We switch to another language—not our invented language or the language we've learned from our lives. As we walk further into the woods and up the mountain, we speak the language of silence. This language gives us space to think and move. We can be both here and elsewhere at the same time.
I don't know where Tony is while he's with me—maybe he's simply concentrating on the birdcalls and the slant of the sunlight, which hits through the trees in a pattern that decorates his arm with the space between leaves.
But maybe it's more than that. As we get back to the main path, Tony turns to me and asks for a hug.
Now, I don't believe in doing hugs halfway. I can't stand people who try to hug without touching. A hug should be a full embrace— as I wrap my arms around Tony, I am not just holding him, but also trying to lift off his troubles for a moment so that the only thing he can feel is my presence, my support. He accepts this embrace and hugs me back. Then his posture raises an alarm—his back straightens out of the hug, his hands fall a little.
I look at his face and realize that he's seen something behind me. I let go of him and turn to find two adults gawking.
“Tony?” the woman asks.
But she doesn't really need to ask. She knows it's Tony.
After all, she's his mother's best friend.
Everybody Freaks Out
Tony is grounded, and his mom's best friend can't keep her mouth shut. The church group network goes into overtime, and by the time I get to school on Monday, I find out that Rip's odds on my love life are now twelve to one for me and Noah, ten to one for me and Kyle, eight to one for me and Tony, and one to two for me botching everything up and spending the rest of my life unrequited.

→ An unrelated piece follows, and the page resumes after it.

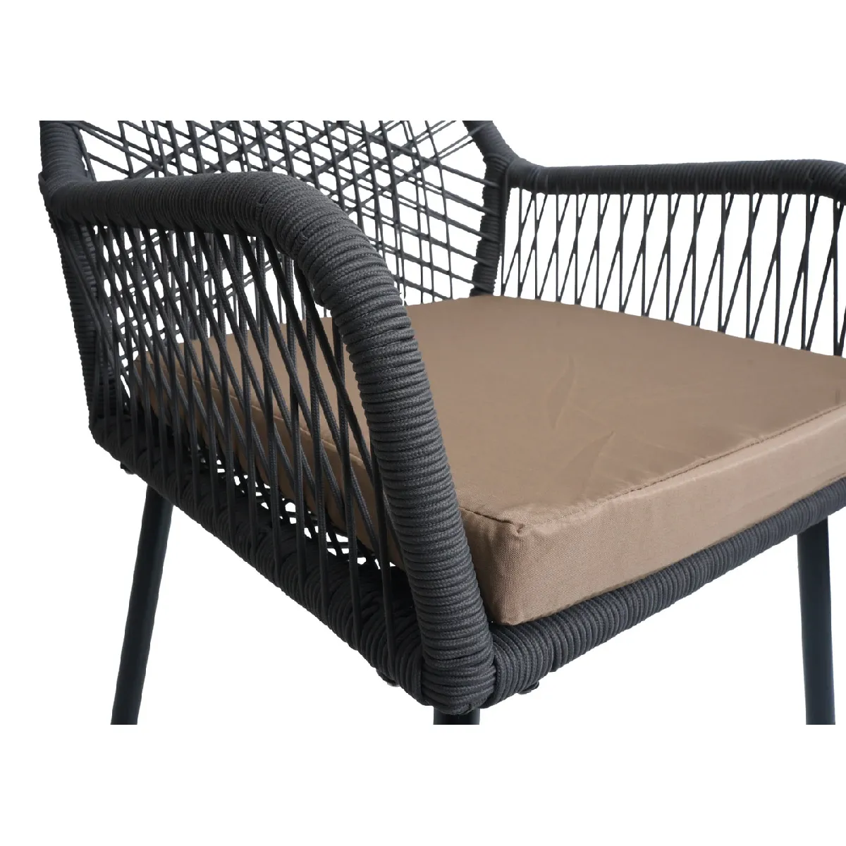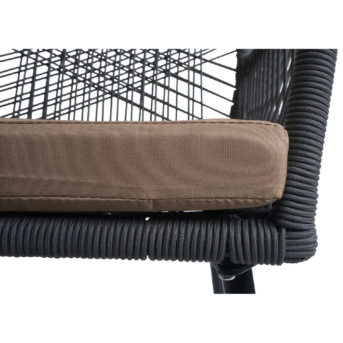 Le tressage décoratif en corde, renforcé par un caoutchouc hydrofuge, assure une flexibilité d'assise agréable et une tenue adaptée aux usages en plein air. Le piètement en aluminium stable et léger facilite le déplacement tout en garantissant une structure robuste. Le coussin en mousse polyuréthane densité 25D procure un soutien mediumsoft, adapté aux moments prolongés autour de la table. Les accoudoirs et la hauteur d'assise de 46 cm favorisent une posture naturelle.

By the end of the day, the odds have changed even further, and I'm a total basket case.
It's no use protesting to people that Tony and I are just friends (only the people who know us believe me, and all the rest want to believe the opposite because it's a better story). I can't even talk to Tony anymore—I tried on Sunday but his mom hung up on me, muttering something about the devil's influence, which I think was a little overstated.